You suspect the site was hacked. If the lockout was unexpected, if you see unfamiliar admin accounts, or if a security scanner flags suspicious files, this is not just a lost password. It is a security incident. Emergency WordPress malware removal and site recovery is the appropriate response here rather than a DIY password reset that leaves the underlying compromise unresolved.
The database is corrupted. In rare cases, a failed update, a server crash, or a botched migration corrupts the wp_users table, and none of the phpMyAdmin steps work correctly. Database repair requires server-level access and MySQL expertise that goes beyond what hosting control panel tools provide.
Seahawk’s 24/7 WordPress support team handles all three scenarios and can recover access without data loss regardless of how the lockout occurred.
Frequently Asked Questions
Will I lose my website content if I reset my WordPress password?
No. Resetting a WordPress password only changes the login credentials for that user account. All posts, pages, media, settings, plugins, and themes remain completely untouched. Your site continues running normally for all visitors during and after the password reset process.
What if I forgot both my WordPress username and password?
If you have forgotten both your username and your password, go to the WordPress login page and click “Lost your password.” Enter the email address registered on your account. You do not need the username to receive a reset link. Alternatively, open the wp_users table in phpMyAdmin to see all usernames on the site, then reset the password for the correct account.
Why is my WordPress password reset email not arriving?
The four most common reasons are that the email went to your spam folder, the email address on your WordPress account is different from the one you are checking, your hosting server is not configured to send email via PHP mail(), or your hosting provider blocks outgoing email on shared plans. Check the spam folder first, verify the email address on the account in phpMyAdmin, then configure WP Mail SMTP to use a proper transactional email service.
Can I reset my WordPress password without email access?
Yes. Three methods work without email access. The phpMyAdmin database method, the WP-CLI command line method, and the emergency PHP reset script. All three are covered in detail above with step-by-step instructions. The phpMyAdmin method is the most accessible for non-developers as it only requires your hosting control panel login.
Is it safe to use phpMyAdmin to reset a WordPress password?
Yes, when done correctly.

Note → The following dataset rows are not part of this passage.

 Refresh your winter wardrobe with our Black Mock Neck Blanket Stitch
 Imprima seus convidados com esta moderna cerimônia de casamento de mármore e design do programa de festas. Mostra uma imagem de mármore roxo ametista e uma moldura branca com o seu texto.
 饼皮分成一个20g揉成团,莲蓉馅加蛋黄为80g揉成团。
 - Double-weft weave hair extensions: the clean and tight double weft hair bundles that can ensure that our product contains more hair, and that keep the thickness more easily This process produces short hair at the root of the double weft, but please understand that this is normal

The only risk is accidentally editing or deleting the wrong row in the database. Follow the steps exactly, only edit the user_pass field, and select MD5 as the function. WordPress will re-hash the password with its own stronger algorithm on first login. Always take a database backup before making any changes in phpMyAdmin.
How do I reset the password for a WordPress multisite network?

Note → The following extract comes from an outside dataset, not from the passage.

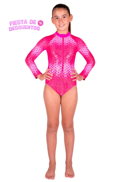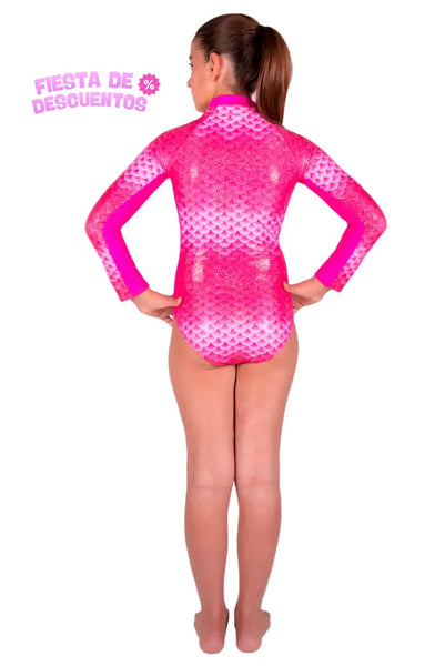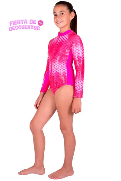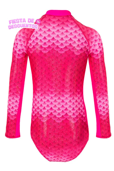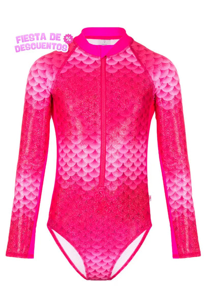 Deja que tu magia de sirena sea también la de una hermosa hada, con este Traje de Baño Completo Manga Larga Funny Pink, que te protege del sol.

For a multisite network, the Super Admin password can be reset using the same methods above. The login page, phpMyAdmin, and WP-CLI all work for multisite. For WP-CLI, use wp user update with the –url flag to specify the network URL. The wp_users table in phpMyAdmin contains all users across the network, so you can reset any account at the database level.
What is the fastest way to recover a lost WordPress password?

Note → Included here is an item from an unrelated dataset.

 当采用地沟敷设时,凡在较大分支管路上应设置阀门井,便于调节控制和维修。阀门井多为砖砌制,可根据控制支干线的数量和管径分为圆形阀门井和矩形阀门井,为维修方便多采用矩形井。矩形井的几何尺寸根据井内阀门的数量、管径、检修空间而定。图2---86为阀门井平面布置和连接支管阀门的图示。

The fastest method is to reset the built-in WordPress login page at yoursite.com/wp-login.php. Click Lost your password, enter your username or email address, and click the reset link in the email that arrives. This takes most users under two minutes. If the email does not arrive, the next fastest method is using WordPress Toolkit or Softaculous in your hosting control panel to reset the password without any database access.
How do I prevent getting locked out of WordPress again?
Store your credentials in a password manager, enable two-factor authentication using a plugin like WP 2FA, configure WP Mail SMTP so password reset emails arrive reliably, and run a WordPress maintenance plan that includes security hardening and login protection. These four steps together make a future lockout almost impossible.